Dan GIESEKE, Plaintiff–Appellant v. Carolyn W. COLVIN, Acting Commissioner, Defendant–Appellee.
An Administrative Law Judge (“ALJ”) concluded that Dan Gieseke was not disabled and denied his applications for Social Security disability insurance benefits and supplemental security income. Gieseke sought judicial review of the adverse agency decision and now appeals the district court's1 decision denying relief. Like the district court, we conclude that the ALJ's determination is supported by substantial evidence on the administrative record as a whole and therefore affirm. Welsh v. Colvin, 765 F.3d 926, 927 (8th Cir.2014) (standard of review).
Gieseke's long history of low back pain was aggravated by a work injury in 2006. After physical therapy, he returned to work subject to restrictions. He last worked in October 2008. His disability application listed lower back issues, dizziness, and leg problems as limiting conditions that prevent him from working.

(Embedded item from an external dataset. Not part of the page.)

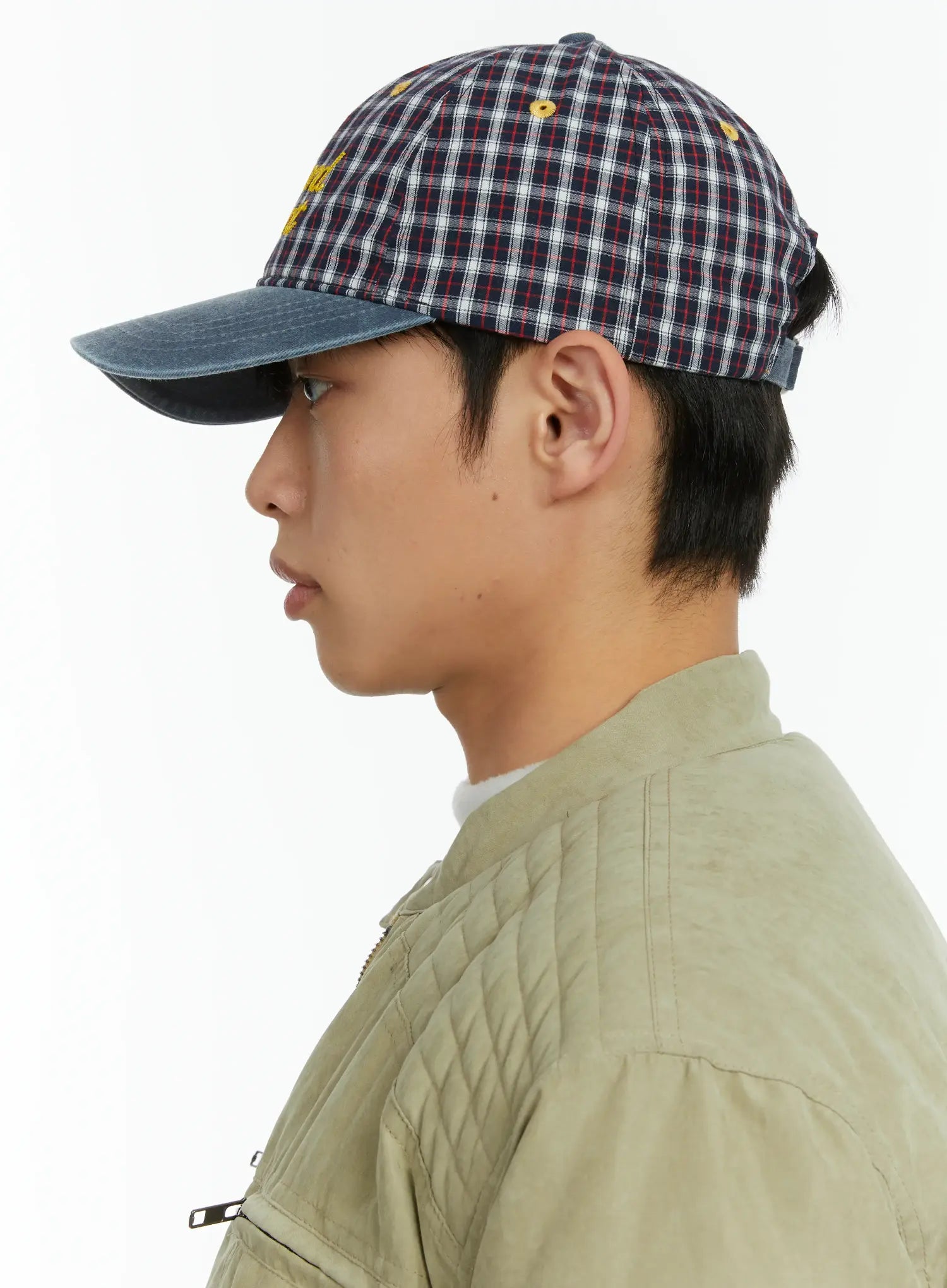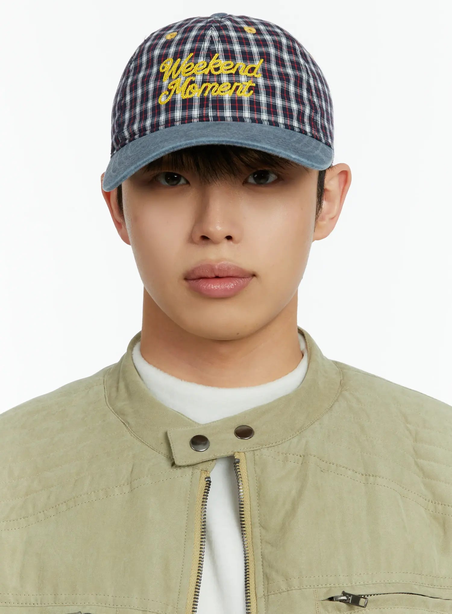 "Weekend Moment" Embroidered Denim Plaid Baseball Cap IF511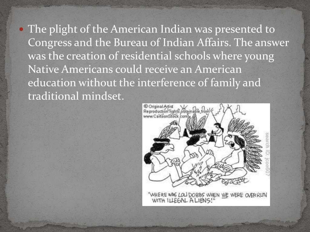 The plight of the American Indian was presented to Congress and the Bureau of Indian Affairs. The answer was the creation of residential schools where young Native Americans could receive an American education without the interference of family and traditional mindset.

After a hearing at which Gieseke and a vocational expert (“VE”) testified, the ALJ found that Gieseke has severe impairments—degenerative disc disease of the lumbar spine, obesity, and a history of substance abuse. He can lift and carry twenty pounds occasionally and ten pounds frequently; can stand and sit for six hours a day; can occasionally balance, stoop, kneel, crouch, or crawl; should never be around heights or moving machinery or be required to climb ropes, ladders, or scaffolds; and requires a cane when standing. He is unable to perform his past relevant work. He has the residual functional capacity (“RFC”) to perform light work but is impeded by limitations that “erode the unskilled light occupational base.” Crediting the VE's answer to a hypothetical question incorporating these limitations, the ALJ found that Gieseke has the RFC to perform cashier, security guard, and usher positions that exist in sufficient numbers in the national economy and in Iowa to render him not disabled.

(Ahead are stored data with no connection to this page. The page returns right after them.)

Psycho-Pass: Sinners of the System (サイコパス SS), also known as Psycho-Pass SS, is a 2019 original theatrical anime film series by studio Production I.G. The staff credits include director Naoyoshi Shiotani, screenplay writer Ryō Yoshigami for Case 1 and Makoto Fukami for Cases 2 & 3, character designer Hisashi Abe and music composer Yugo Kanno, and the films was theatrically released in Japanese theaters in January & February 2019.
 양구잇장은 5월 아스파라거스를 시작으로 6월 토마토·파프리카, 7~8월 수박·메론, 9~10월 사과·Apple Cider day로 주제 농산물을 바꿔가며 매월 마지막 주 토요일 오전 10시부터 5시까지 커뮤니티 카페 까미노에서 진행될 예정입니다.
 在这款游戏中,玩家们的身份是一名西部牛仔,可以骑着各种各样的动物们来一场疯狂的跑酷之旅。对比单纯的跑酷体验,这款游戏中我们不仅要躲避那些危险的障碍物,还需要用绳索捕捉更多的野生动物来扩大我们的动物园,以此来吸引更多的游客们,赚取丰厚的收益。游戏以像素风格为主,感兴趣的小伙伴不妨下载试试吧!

A. Gieseke argues the ALJ erred in not giving controlling weight to the opinion of Gieseke's treating physician, Dr. Alan Bollinger. Responding in December 2011 and July 2012 to forms listing the Social Security Administration's (“SSA”) estimates of Gieseke's physical limitations, Dr. Bollinger opined that Gieseke was limited to lifting less than ten pounds occasionally or frequently, standing for less than two hours per workday, frequently changing sitting position during the workday, and never climbing, stooping, kneeling, crouching, or crawling. These limitations, substantially more restrictive than the ALJ's RFC findings, would mean that Gieseke was unable to perform the full range of sedentary work. At his age, education, and work history, this requires a finding that he is disabled under the SSA's “Grids.” See 20 C .F.R. Pt. 404, Subpt. P, App. 2, tbl. 1.

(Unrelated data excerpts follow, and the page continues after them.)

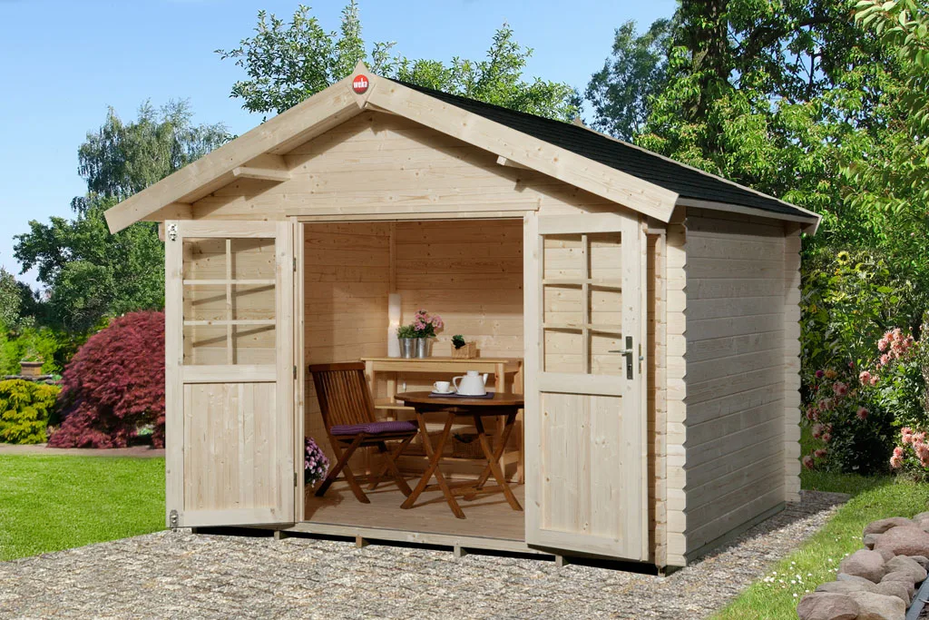 Als der Klassiker unter den Gartenhäusern verfügt ein Blockbohlenhaus über eine sehr robuste Bauweise, gepaart mit einer besonderen, natürlichen Ästhetik. Dabei orientiert sich die Bohlenbauweise an der traditionellen Blockhütte. Die Wände setzen sich aus vorgefertigten Holzbohlen zusammen, die dank einer Nut- und Feder-Verbindung ohne größere Anstrengungen aufeinander gesteckt werden können. Damit ist ein einfacher und schneller Auf- und Abbau garantiert. An der Kopfseite des Gartenhauses sorgt die charakteristische Verkämmung (spezielle Einkerbungen im Holz) nicht nur für eine schöne Optik, sondern hält das ganze Konstrukt auch zusammen und macht es absolut wind- und wetterfest.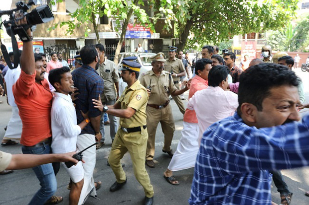Protesters allegedly attacked police and media personnel in Thiruvananthapuram and Kollam.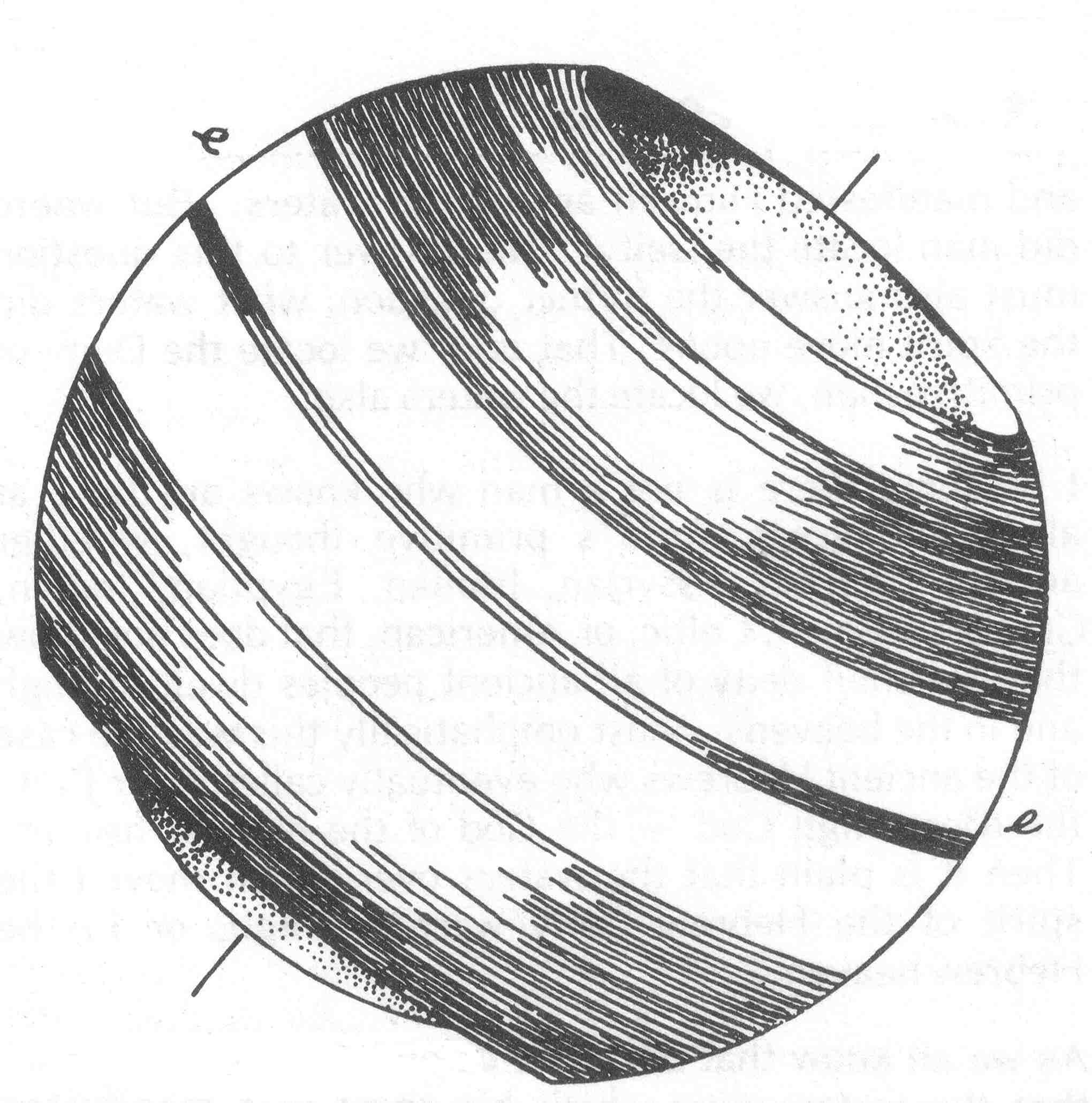 "All such changes required a great length of time, and a progressive motion of declining matter from the equator, polar-wise; also the bands and belts of the earth's annular system necessarily presented the same general aspect that Jupiter's and Saturn's do today.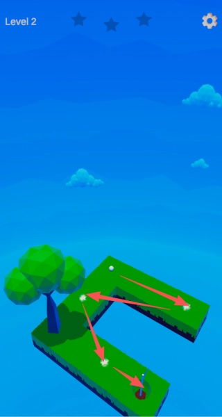 1. 仔细观察当前关卡地面的具体形态以及球洞所处位置,据此对球从起始点滚动至洞口的大致路线进行预判,进而明确地面需要调整的方向。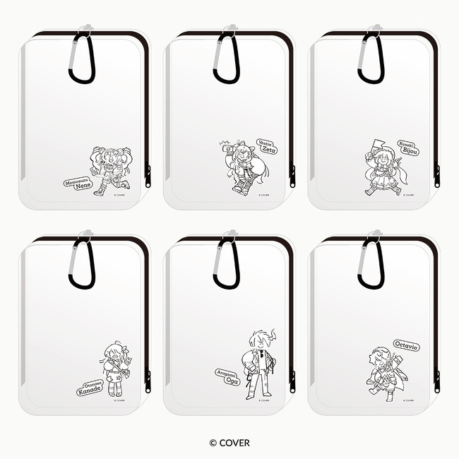 イラストレーターHERによってかわいくデフォルメ化されたアンバサダーたちをレイアウトした、クリア素材のコレクションポーチです。バッグ等に取り付けやすいカラビナ付きです。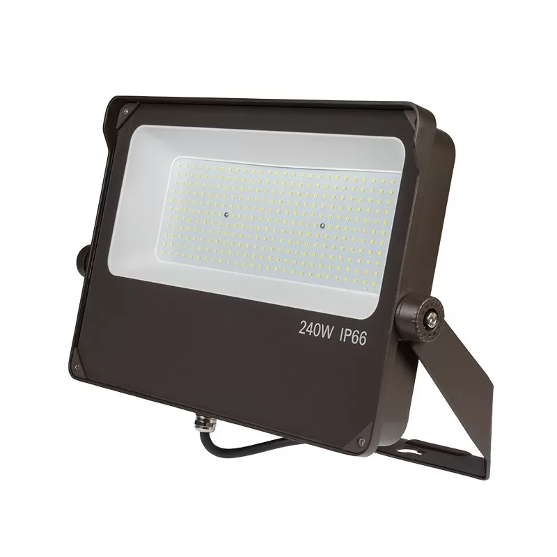The LED flood light features a durable, low-profile design constructed with an impact-resistant tempered glass lens and a heavy-duty aluminum housing. An IP66 waterproof rating protects the fixture in extreme outdoor conditions. Adjust the included steel yoke mount to direct the light where it is needed.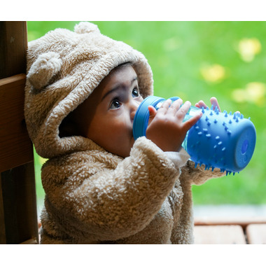 Soft silicone spikes are great for fidget and sensory exploration. It's the perfect size for lunchboxes and little hands. The straw, lid and silicone sleeve are colorful and easy-to-clean.

“A treating physician's opinion is given controlling weight if it is well-supported by medically acceptable clinical and laboratory diagnostic techniques and is not inconsistent with the other substantial evidence.” House v. Astrue, 500 F.3d 741, 744 (8th Cir.2007) (quotation omitted). Here, like the district court, we conclude that substantial evidence supports the ALJ's decision to give no weight to Dr. Bollinger's opinions. The opinions were not supported by objective medical evidence in the administrative record, which showed degenerative lumbar disc disease that did not require surgery and a normally-aligned spine. Based almost entirely on Gieseke's subjective complaints, Dr. Bollinger's opinions were rejected by two state agency medical advisors, who reviewed the medical file and concluded that Dr. Bollinger based his opinions on minimal exams, and that the imaging evidence did not support the level of impairment Dr. Bollinger found. In addition, Dr. Robert Bender performed an SSA physical exam in May 2012 that did not corroborate Dr. Bollinger's assessment. Dr. Bender noted that Gieseke's alleged symptoms did not match his medical history or “heavily muscled” body.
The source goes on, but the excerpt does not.